Embed cells from an AnnData

import anndata as ad

adata = ad.read_h5ad("perturbseq.h5ad")

result = embedder.embed_cells(
    adata,
    models=["pca", "scvi", "scgpt"],
    preprocessing="standard",
    n_pca_components=50,
    n_latent=30,
)
# result.obsm["X_pca"]   -> (n_cells, 50)
# result.obsm["X_scvi"]  -> (n_cells, 30)
# result.obsm["X_scgpt"] -> (n_cells, 512)

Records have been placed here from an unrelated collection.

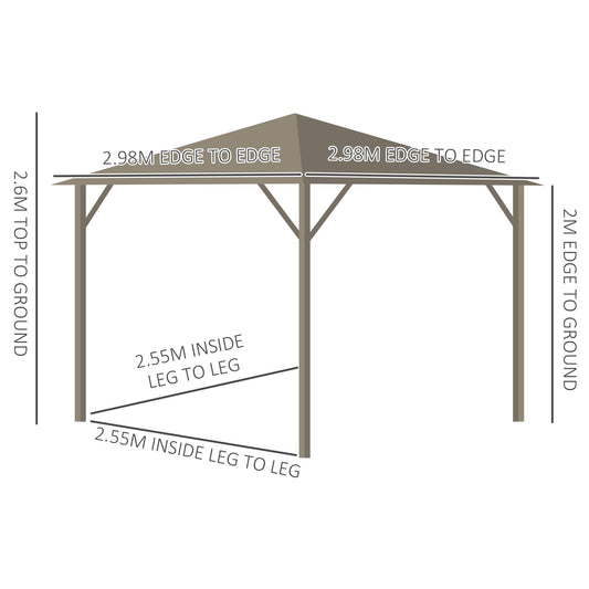 Outsunny 3 x 3 m Garden Gazebo with Netting and Curtains, Hard Top Gazebo Canopy Shelter with Metal Roof, Aluminium Frame, for Garden, Lawn, Deck, Bronze Tone
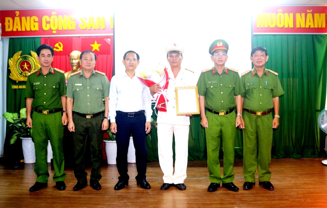 Thượng tá Trần Tấn Tài cùng lãnh đạo Công an tỉnh, lãnh đạo Ủy ban Nhân dân huyện và lãnh đạo Công an huyện.
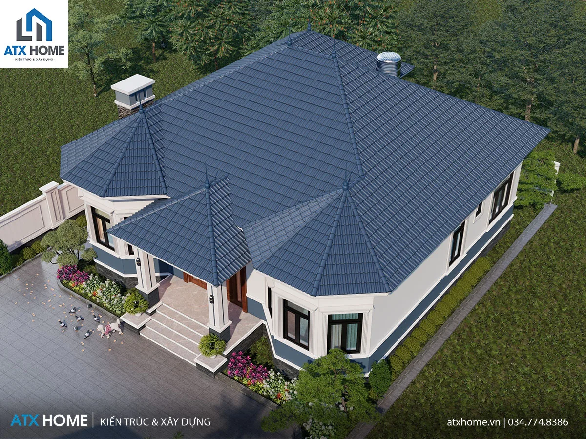 Phần mái được thiết kế giật cấp nhẹ, mở rộng theo nhiều hướng, không chỉ mang lại vẻ cân đối mà còn giúp công trình có chiều sâu và bề thế hơn. Sử dụng ngói màu xanh than, kết hợp với tông tường trắng và ghi trung tính, mang đến cảm giác thanh lịch và sang trọng. Mái Nhật có độ dốc vừa phải, giúp thoát nước nhanh, chống thấm tốt, đồng thời giữ không gian mát mẻ quanh năm, rất phù hợp với khí hậu miền núi Hòa Bình.
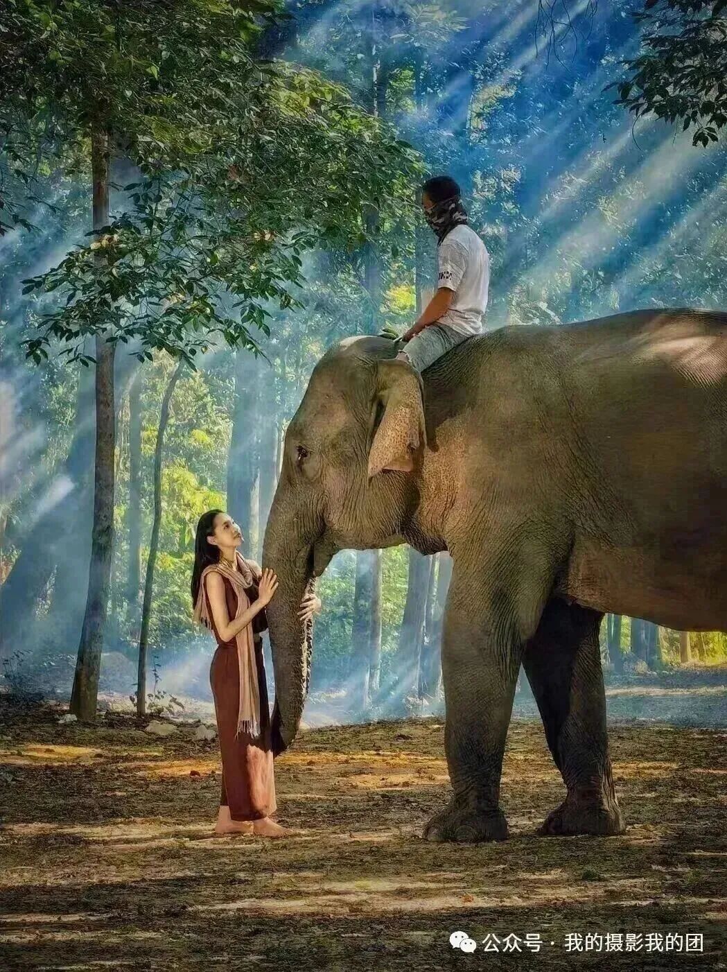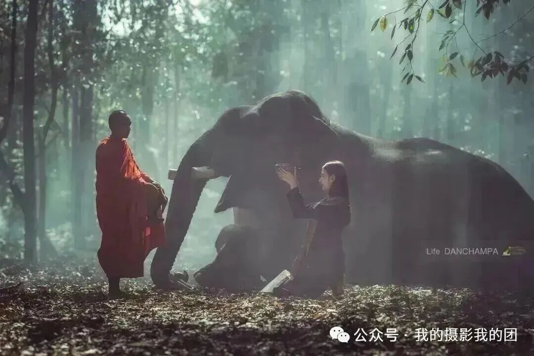 早上拍摄凯旋门晨光(高45米,宽24米,在总理府附近,与主席府遥遥相望。1960年开始修建,1969年基本完工,是一座大型的纪念碑。原为纪念战争中的牺牲人员。1975年解放时,万象市群众庆祝胜利的游行从这里通过,为纪念这一历史性事件而将其称为凯旋门。凯旋门周围由中国政府援建,已建成音乐喷泉公园。),运气好还可以拍到僧侣从凯旋门路过的布施场景,这是不可多得的人文题材。早餐后出发大象谷拍摄全程最震撼的主题《人与大象》。到达后首先拍摄一组深林僧侣禅意(安排僧侣配合,摄影辅助团队2-3人),后拍摄水中大象禅意,有僧侣、美女、大象融合老挝传统文化拍摄(安排模特、驯象师、大象、摄影辅助团队2-3人)。下午安排丛林大象(耶稣光下最震撼)和天空之镜(落日光影)主题人像拍摄。大象在老挝人心里,是一个意义非凡的存在!曾经的澜沧王国,即是以大象来命名,意为“百万大象”之国。人们和大象共同演绎澜沧王国的古典时代,成为了老挝式美学呈现的最重要主题,没有之一。无论是僧侣与大象,还是老挝传统美女与大象,均能完美展现出老挝人与大象之间最重要亲密的关系 住:万象
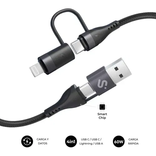 SUBBLIM TOP Cable 4 en 1 (USB-A/C-C/Lightning) 1 m – 60 W PD 3.0, 480 Mbps, Nylon Trenzado, Carga Rápida iPhone/Galaxy/Pixel/MacBook.
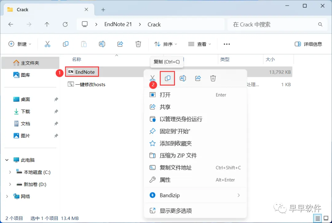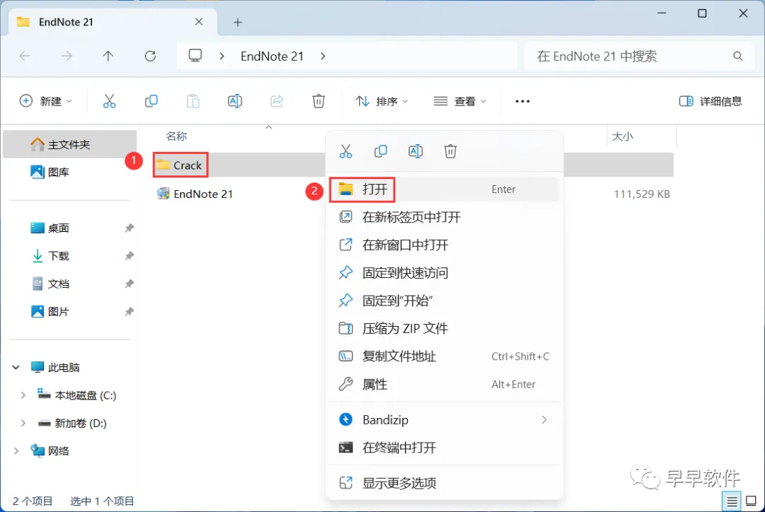 14、回到EndNote 21文件夹,找到【Crack】文件夹,右键【打开】它
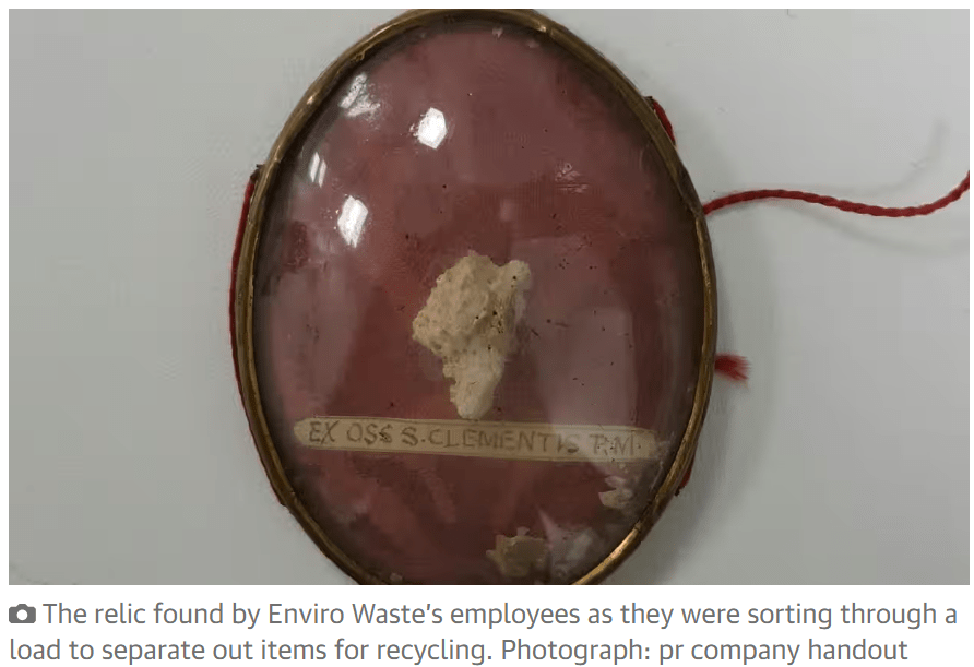 The contents of my bin will be household waste. Period. But back in May 2018 a beautifully set relic (a bone) of St Clement (1st century Pope and martyr, whose feast day is today, 23 November. See https://www.catholic.org/saints/saint.php?saint_id=37) was found in a central London bin by waste collection company Enviro Waste. Yes, really. You can read about it here https://www.theguardian.com/uk-news/2018/may/01/relic-claimed-to-be-bone-from-st-clement-rescued-from-the-bin, here https://rcadc.org/relic-of-st-clement-found-in-trash-now-in-safe-keeping-at-westminster-cathedral/ and here https://www.cbcew.org.uk/relic-of-pope-st-clement-i-goes-on-display-in-westminster-cathedral/

Combined cell + perturbation embedding

result = embedder.embed_adata(
    adata,
    cell_models=["pca", "scgpt"],
    perturbation_models=["esm2_650M"],
    perturbation_column="perturbation",
    perturbation_type="auto",
)
# Cell embeddings + perturbation embeddings side by side in .obsm

Weighted perturbation embedding

from embpy.tl import WeightedProteinEmbedder

wpe = WeightedProteinEmbedder(embedder)

# TPM-weighted isoform average
emb = wpe.embed_perturbation(
    "TP53", model="esm2_650M", strategy="tpm_weighted",
    tpm_values={"P04637": 45.2, "P04637-2": 12.8},
)

# Annotation-weighted: active/binding sites get 3x weight
emb = wpe.embed_perturbation(
    "TP53", model="esm2_650M", strategy="annotation_weighted",
    site_boost=3.0,
)

Annotate perturbations

from embpy.tl import annotate_molecules, annotate_gene_perturbations, annotate_proteins

# Molecule annotations (physicochemical, bioactivities, pathways, diseases)
adata = annotate_molecules(adata, column="drug_name")

# Gene annotations (pathways, tissue expression, PPI, diseases)
adata = annotate_gene_perturbations(adata, column="gene")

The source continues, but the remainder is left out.